Well, how do our ESL students know?

Of course, they have the schema knowledge of academic vs. non-academic or formal vs. informal writing from their own languages, but they probably won’t have a good grasp on what fits into those categories in English. They just haven’t been exposed to the amount of English language throughout their lives that native speakers have. We can’t just tell our students to “use more academic vocabulary” when they write “super good” because they don’t know what “academic vocabulary” means.

It’s our job as ESL teachers to catch them up to speed and build these “intuitions” about what words “sound right” in academic writing.

Very, Really, Super

These three words are fine for speaking, but try getting your students to avoid them in writing. There’s almost always a better vocabulary word than “really ___” or “very ___”

This is a great infographic with tons of alternative vocabulary words.

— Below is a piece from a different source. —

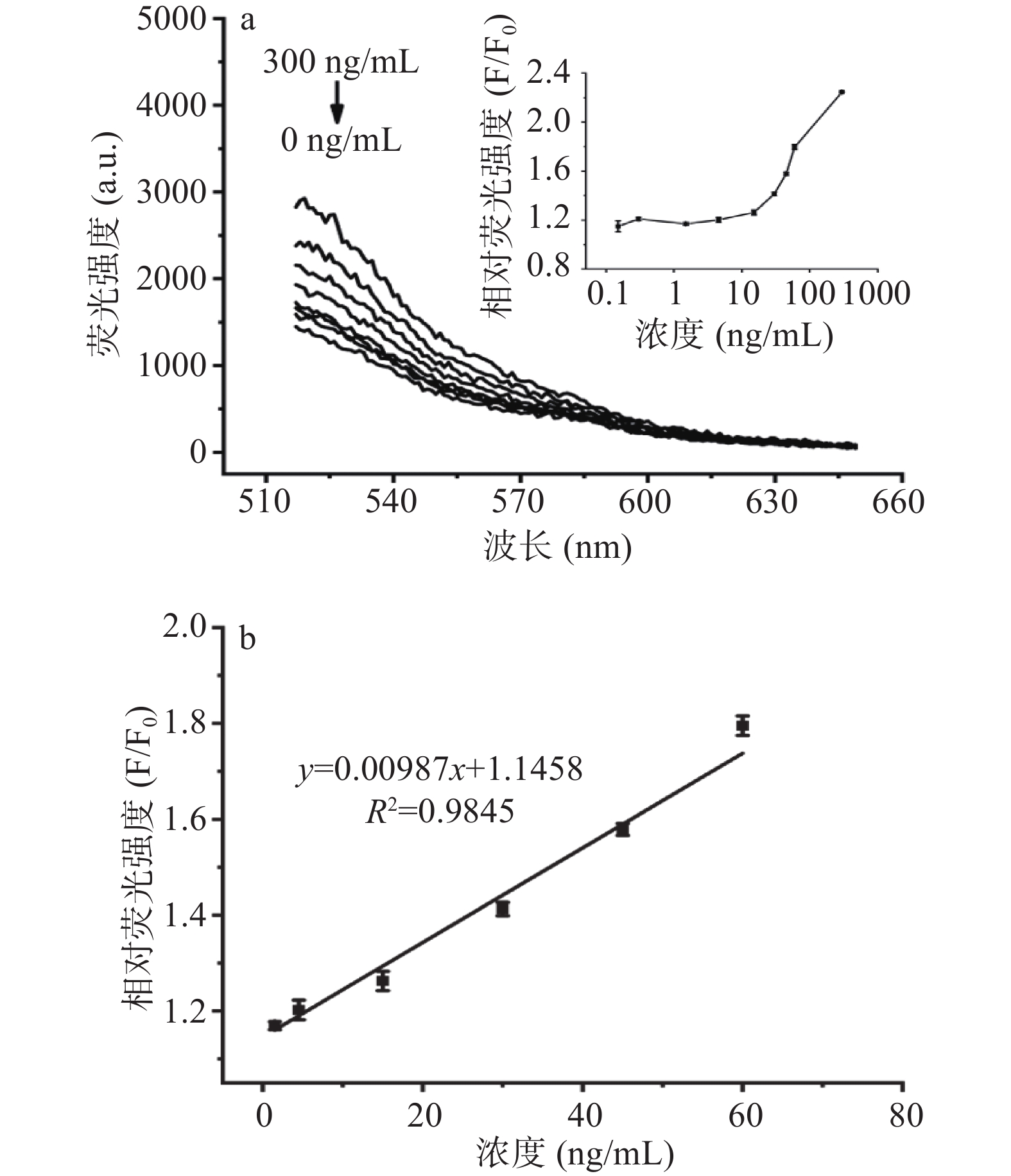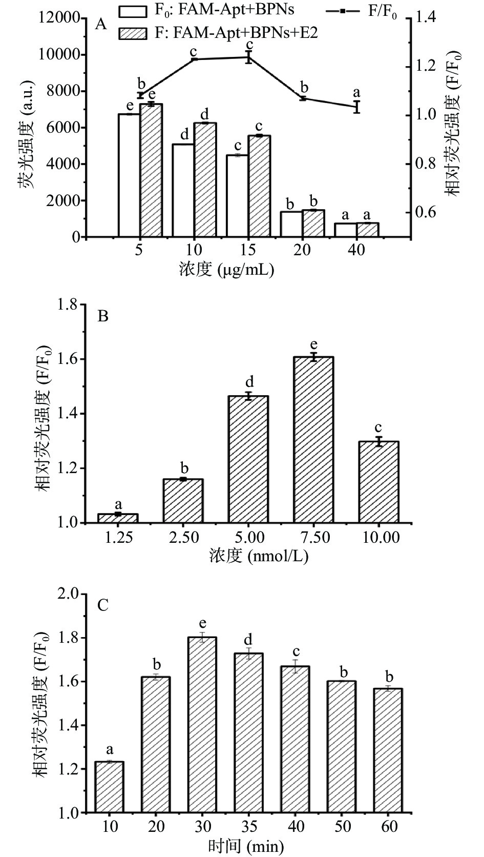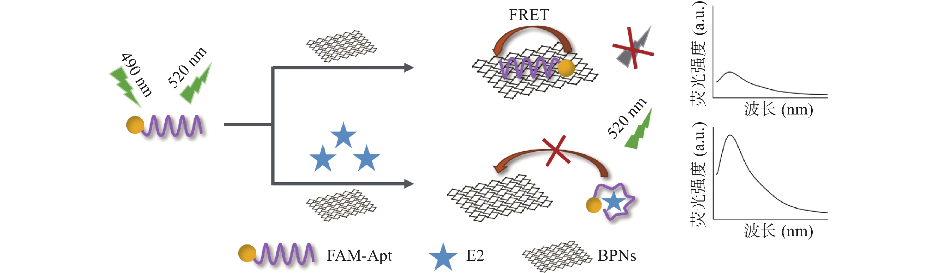 β-estradiol fluorescence aptasensor was constructed between FAM labeled aptamers and BPNs based on the fluorescence resonance energy transfer (FRET). After optimization of BPNs concentration, FAM-Apt concentration and reaction time, samples of tap water and milk were determined. The results showed that the prepared BPNs had independent lamellar structure and uniform particle size.With the concentrations of BPNs and FAM-Apt were 10 μg/mL and 7.5 nmol/L respectively, the linear range of the sensor was 1.5~60 ng/mL and the detection limit was 1.0 ng/mL. The recoveries of tap water and milk were 91.2%~104.8% and 87.5%~104.3%. The relative standard deviation (RSD) were 4.99%~10.53% and 4.48%~11.24%, respectively. This method with simple, high sensitive and strong specificity could be completed within 30 min and could realize quantitative detection of E2 in actual samples.

So then what if your students ask why? Why can’t they use these three magic intensifiers? After all, “really big” actually does mean almost exactly the same as “huge”. So what’s the big deal?

This is one of those cases where you have to tell them “That’s just the way it is.”

Academic writing favors more specific adjectives. It is rare to see “very” in academic writing, and “super” and “really” are almost never used as adverbs. That’s just the way of “academic writing,” and we have to make our students aware of that.

Thesauruses

And then what if a student doesn’t need an intensified version of a word, but rather another word that means the same thing? That’s what thesauruses are for.

I haven’t used thesauruses too much in class, but I’ve referred students to them several times. For in class ideas, BazTefl has a great post on thesauruses with plenty of suggestions on how you can use them. Check it out.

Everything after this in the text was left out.